Laut Studienergebnissen

erhalten viele Männer mit Peniskrebs keine empfohlenen Behandlungen

Peniskrebs kann sich ohne Behandlung schnell ausbreiten. Krebszellen können sich vom Tumor lösen und durch das Lymphsystem wandern.

Kredit: Nationales Krebsinstitut

Laut einer großen retrospektiven Studie, die am 1. März in JAMA Oncology veröffentlicht wurde, erhalten nicht alle Männer mit Peniskrebs, der sich auf nahegelegene Lymphknoten ausgebreitet hat, empfohlene Behandlungen, die ihr Überleben verbessern könnten.

Unter Verwendung von Aufzeichnungen aus einer nationalen Datenbank zur Krebsbehandlung stellten die Forscher fest, dass bei etwa einem Drittel dieser Männer keine betroffenen Lymphknoten entfernt wurden ( Lymphknotendissektion ) und weniger als die Hälfte eine Chemotherapie erhielt. Nach weit verbreiteten professionellen Richtlinien werden beide Behandlungen derzeit für Männer mit Peniskrebs empfohlen, der sich auf nahegelegene Lymphknoten ausgebreitet hat, aber nirgendwo anders im Körper.

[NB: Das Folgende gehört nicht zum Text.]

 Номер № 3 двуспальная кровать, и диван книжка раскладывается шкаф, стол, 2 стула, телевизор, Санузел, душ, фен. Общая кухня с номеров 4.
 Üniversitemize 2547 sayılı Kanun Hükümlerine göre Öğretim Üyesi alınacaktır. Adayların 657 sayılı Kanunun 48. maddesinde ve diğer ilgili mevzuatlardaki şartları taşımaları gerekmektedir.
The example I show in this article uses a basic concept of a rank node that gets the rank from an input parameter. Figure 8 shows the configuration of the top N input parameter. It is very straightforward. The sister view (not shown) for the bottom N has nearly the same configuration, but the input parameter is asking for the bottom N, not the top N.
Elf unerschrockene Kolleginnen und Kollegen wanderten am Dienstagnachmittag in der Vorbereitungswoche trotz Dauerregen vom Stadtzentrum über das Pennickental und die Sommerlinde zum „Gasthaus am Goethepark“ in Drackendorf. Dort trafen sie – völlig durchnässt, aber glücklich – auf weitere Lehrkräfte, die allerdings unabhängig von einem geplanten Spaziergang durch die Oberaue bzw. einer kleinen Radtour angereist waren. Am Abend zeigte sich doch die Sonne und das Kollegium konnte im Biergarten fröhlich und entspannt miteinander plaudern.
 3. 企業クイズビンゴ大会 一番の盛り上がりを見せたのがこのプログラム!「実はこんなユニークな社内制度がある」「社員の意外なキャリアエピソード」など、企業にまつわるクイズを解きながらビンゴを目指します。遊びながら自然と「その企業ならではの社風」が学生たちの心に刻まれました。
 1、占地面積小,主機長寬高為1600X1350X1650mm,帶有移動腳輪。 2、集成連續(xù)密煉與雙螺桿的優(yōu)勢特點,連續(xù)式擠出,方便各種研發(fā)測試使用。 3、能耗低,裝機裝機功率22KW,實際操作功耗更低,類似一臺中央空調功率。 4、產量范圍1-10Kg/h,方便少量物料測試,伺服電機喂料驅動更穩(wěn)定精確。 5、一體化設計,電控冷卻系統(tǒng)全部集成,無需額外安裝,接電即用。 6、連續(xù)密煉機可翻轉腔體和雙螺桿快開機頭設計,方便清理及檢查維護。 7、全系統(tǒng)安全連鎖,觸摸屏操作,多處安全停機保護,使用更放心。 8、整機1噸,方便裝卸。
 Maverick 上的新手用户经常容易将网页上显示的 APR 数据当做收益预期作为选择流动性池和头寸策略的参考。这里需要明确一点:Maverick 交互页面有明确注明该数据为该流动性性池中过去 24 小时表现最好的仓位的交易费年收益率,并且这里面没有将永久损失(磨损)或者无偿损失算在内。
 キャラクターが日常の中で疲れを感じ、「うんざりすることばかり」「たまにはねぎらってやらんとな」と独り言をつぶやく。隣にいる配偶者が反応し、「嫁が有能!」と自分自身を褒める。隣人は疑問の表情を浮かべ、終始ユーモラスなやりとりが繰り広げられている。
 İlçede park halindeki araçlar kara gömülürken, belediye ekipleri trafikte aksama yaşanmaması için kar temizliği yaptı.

"Leider erreichen wir nicht die erwarteten Zahlen", erklärte Dr. Shreyas Joshi vom Fox Chase Cancer Center in Philadelphia, der die Studie leitete.

Die Feststellung, dass so viele Männer keine Chemotherapie hatten, ist möglicherweise keine Überraschung, kommentierte Dr. Lance C. Pagliaro von der Mayo-Klinik, die nicht an der aktuellen Studie beteiligt war.

Erst in den letzten Jahren wurde ein für Männer mit Peniskrebs wirksames und erträgliches Chemotherapie-Regime identifiziert, und diese Informationen dürften während des Untersuchungszeitraums nicht in die breitere Behandlungsgemeinschaft gelangt sein, fuhr Dr. Pagliaro fort. Die ersten Behandlungsrichtlinien für Peniskrebs des National Comprehensive Cancer Network wurden erst 2012 veröffentlicht.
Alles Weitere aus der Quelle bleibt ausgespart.